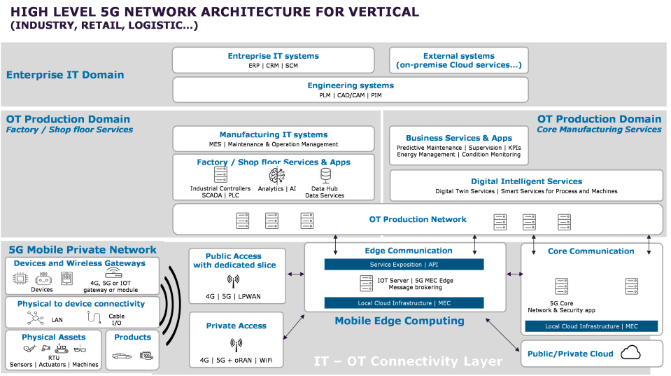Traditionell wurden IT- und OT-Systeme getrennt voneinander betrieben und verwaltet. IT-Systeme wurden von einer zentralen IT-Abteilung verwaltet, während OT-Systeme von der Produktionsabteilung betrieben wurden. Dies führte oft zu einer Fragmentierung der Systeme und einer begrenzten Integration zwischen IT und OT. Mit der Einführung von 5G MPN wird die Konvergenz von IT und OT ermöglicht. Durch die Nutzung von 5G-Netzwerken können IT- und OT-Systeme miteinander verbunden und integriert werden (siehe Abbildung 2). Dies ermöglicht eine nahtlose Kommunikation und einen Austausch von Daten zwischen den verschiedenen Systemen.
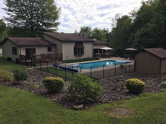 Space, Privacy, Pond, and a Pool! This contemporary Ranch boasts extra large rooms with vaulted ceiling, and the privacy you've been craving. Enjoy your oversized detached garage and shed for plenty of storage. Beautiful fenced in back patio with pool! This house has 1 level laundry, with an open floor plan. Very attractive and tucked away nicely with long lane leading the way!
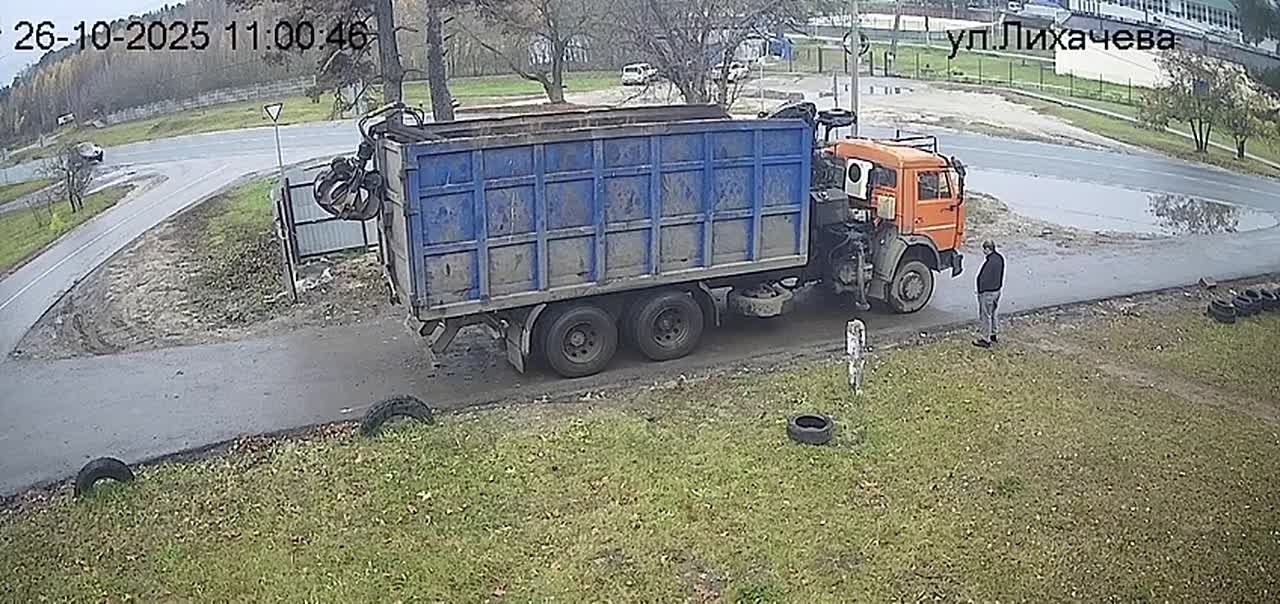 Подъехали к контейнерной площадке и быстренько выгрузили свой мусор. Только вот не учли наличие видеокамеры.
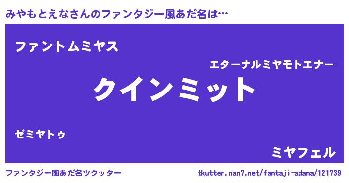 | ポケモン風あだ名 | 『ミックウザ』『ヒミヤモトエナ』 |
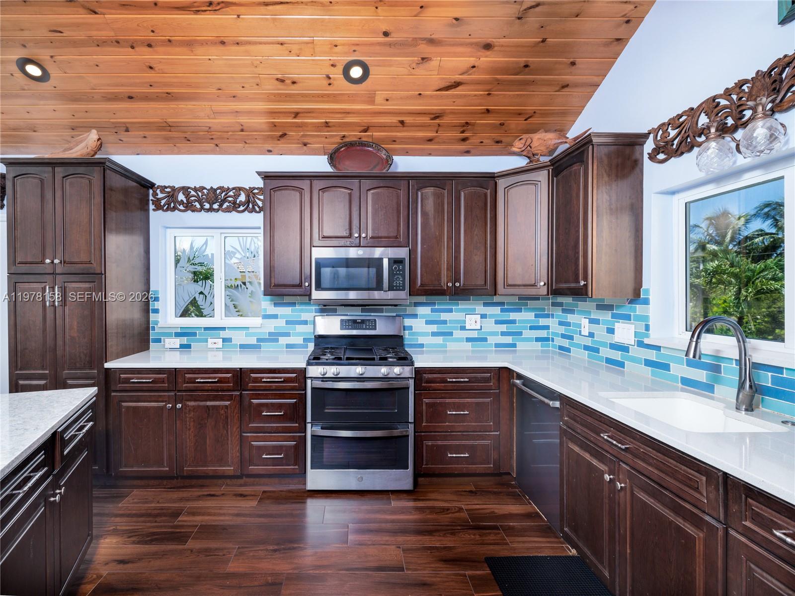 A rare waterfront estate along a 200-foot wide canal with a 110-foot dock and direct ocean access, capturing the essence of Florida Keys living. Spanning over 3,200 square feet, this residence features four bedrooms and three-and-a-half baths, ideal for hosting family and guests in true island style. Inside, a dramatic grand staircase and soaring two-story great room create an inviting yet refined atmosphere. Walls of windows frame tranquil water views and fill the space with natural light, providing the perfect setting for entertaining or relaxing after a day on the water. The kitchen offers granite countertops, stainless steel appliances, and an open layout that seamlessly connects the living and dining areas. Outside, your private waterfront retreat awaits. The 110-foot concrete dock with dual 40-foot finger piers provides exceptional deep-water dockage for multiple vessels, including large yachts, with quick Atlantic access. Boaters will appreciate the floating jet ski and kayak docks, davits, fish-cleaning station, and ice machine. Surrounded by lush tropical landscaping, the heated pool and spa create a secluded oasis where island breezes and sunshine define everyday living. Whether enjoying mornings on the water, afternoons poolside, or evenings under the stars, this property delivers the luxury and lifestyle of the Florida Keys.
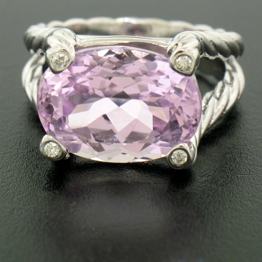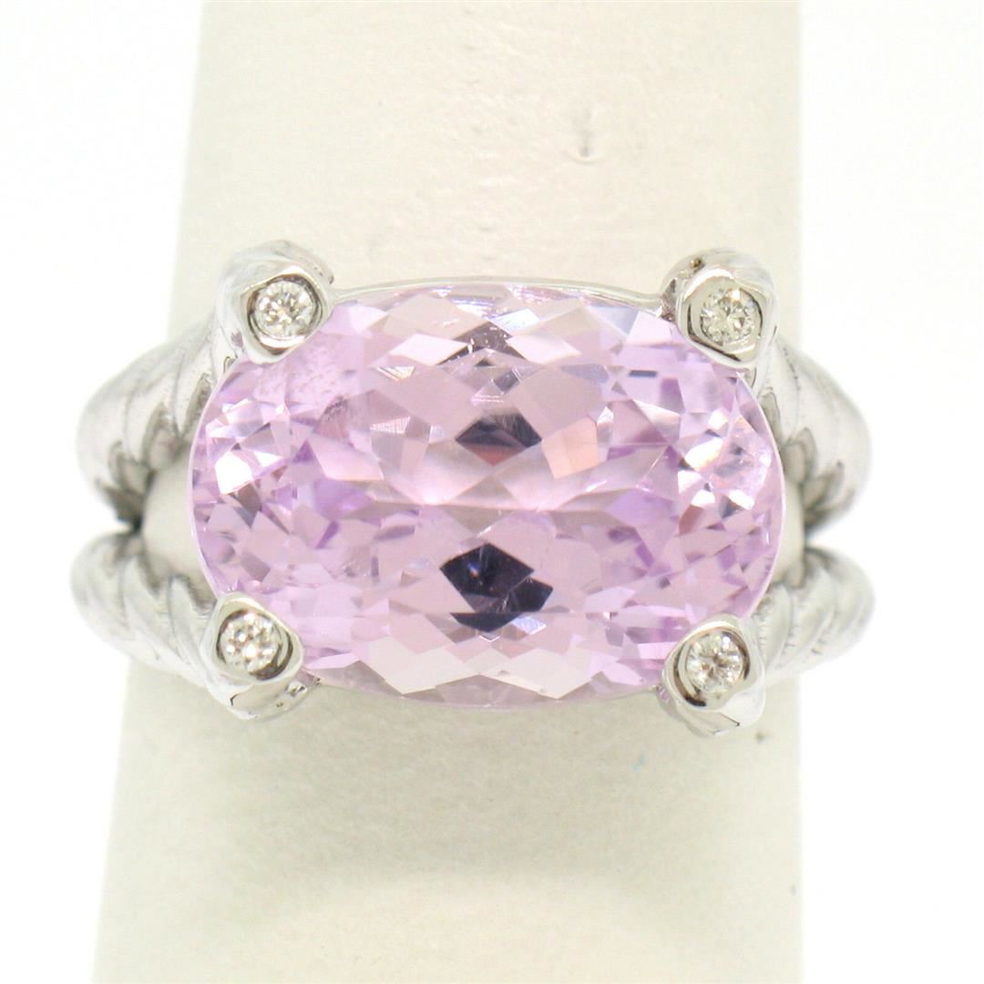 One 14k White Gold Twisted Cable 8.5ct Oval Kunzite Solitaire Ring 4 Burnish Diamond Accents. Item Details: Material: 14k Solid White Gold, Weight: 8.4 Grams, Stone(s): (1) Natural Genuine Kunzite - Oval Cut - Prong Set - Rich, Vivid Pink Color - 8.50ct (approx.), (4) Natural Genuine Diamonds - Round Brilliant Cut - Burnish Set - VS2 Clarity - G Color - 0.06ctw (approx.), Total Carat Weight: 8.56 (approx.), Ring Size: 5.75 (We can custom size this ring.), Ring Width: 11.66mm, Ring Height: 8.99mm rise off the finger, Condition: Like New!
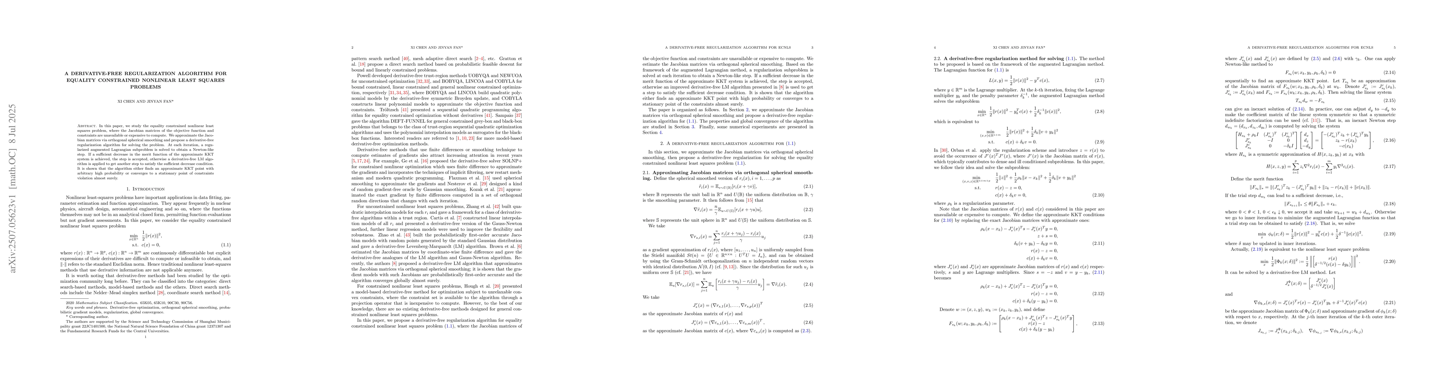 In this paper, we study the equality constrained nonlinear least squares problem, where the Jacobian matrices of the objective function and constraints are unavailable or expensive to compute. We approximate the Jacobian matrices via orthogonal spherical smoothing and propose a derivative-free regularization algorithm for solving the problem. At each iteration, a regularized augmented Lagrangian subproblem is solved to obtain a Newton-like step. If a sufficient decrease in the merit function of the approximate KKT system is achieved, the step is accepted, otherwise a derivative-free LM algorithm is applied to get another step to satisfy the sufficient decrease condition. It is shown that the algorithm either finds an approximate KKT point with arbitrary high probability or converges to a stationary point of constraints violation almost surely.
··········
THE PROBLEM » Excluding pictures, reproduce the listing above exactly as it stands.

SOLUTION TO THE EXERCISE »
Traditionell wurden IT- und OT-Systeme getrennt voneinander betrieben und verwaltet. IT-Systeme wurden von einer zentralen IT-Abteilung verwaltet, während OT-Systeme von der Produktionsabteilung betrieben wurden. Dies führte oft zu einer Fragmentierung der Systeme und einer begrenzten Integration zwischen IT und OT. Mit der Einführung von 5G MPN wird die Konvergenz von IT und OT ermöglicht. Durch die Nutzung von 5G-Netzwerken können IT- und OT-Systeme miteinander verbunden und integriert werden (siehe Abbildung 2). Dies ermöglicht eine nahtlose Kommunikation und einen Austausch von Daten zwischen den verschiedenen Systemen.
 Space, Privacy, Pond, and a Pool! This contemporary Ranch boasts extra large rooms with vaulted ceiling, and the privacy you've been craving. Enjoy your oversized detached garage and shed for plenty of storage. Beautiful fenced in back patio with pool! This house has 1 level laundry, with an open floor plan. Very attractive and tucked away nicely with long lane leading the way!
 Подъехали к контейнерной площадке и быстренько выгрузили свой мусор. Только вот не учли наличие видеокамеры.
 | ポケモン風あだ名 | 『ミックウザ』『ヒミヤモトエナ』 |
 A rare waterfront estate along a 200-foot wide canal with a 110-foot dock and direct ocean access, capturing the essence of Florida Keys living. Spanning over 3,200 square feet, this residence features four bedrooms and three-and-a-half baths, ideal for hosting family and guests in true island style. Inside, a dramatic grand staircase and soaring two-story great room create an inviting yet refined atmosphere. Walls of windows frame tranquil water views and fill the space with natural light, providing the perfect setting for entertaining or relaxing after a day on the water. The kitchen offers granite countertops, stainless steel appliances, and an open layout that seamlessly connects the living and dining areas. Outside, your private waterfront retreat awaits. The 110-foot concrete dock with dual 40-foot finger piers provides exceptional deep-water dockage for multiple vessels, including large yachts, with quick Atlantic access. Boaters will appreciate the floating jet ski and kayak docks, davits, fish-cleaning station, and ice machine. Surrounded by lush tropical landscaping, the heated pool and spa create a secluded oasis where island breezes and sunshine define everyday living. Whether enjoying mornings on the water, afternoons poolside, or evenings under the stars, this property delivers the luxury and lifestyle of the Florida Keys.
 One 14k White Gold Twisted Cable 8.5ct Oval Kunzite Solitaire Ring 4 Burnish Diamond Accents. Item Details: Material: 14k Solid White Gold, Weight: 8.4 Grams, Stone(s): (1) Natural Genuine Kunzite - Oval Cut - Prong Set - Rich, Vivid Pink Color - 8.50ct (approx.), (4) Natural Genuine Diamonds - Round Brilliant Cut - Burnish Set - VS2 Clarity - G Color - 0.06ctw (approx.), Total Carat Weight: 8.56 (approx.), Ring Size: 5.75 (We can custom size this ring.), Ring Width: 11.66mm, Ring Height: 8.99mm rise off the finger, Condition: Like New!
 In this paper, we study the equality constrained nonlinear least squares problem, where the Jacobian matrices of the objective function and constraints are unavailable or expensive to compute. We approximate the Jacobian matrices via orthogonal spherical smoothing and propose a derivative-free regularization algorithm for solving the problem. At each iteration, a regularized augmented Lagrangian subproblem is solved to obtain a Newton-like step. If a sufficient decrease in the merit function of the approximate KKT system is achieved, the step is accepted, otherwise a derivative-free LM algorithm is applied to get another step to satisfy the sufficient decrease condition. It is shown that the algorithm either finds an approximate KKT point with arbitrary high probability or converges to a stationary point of constraints violation almost surely.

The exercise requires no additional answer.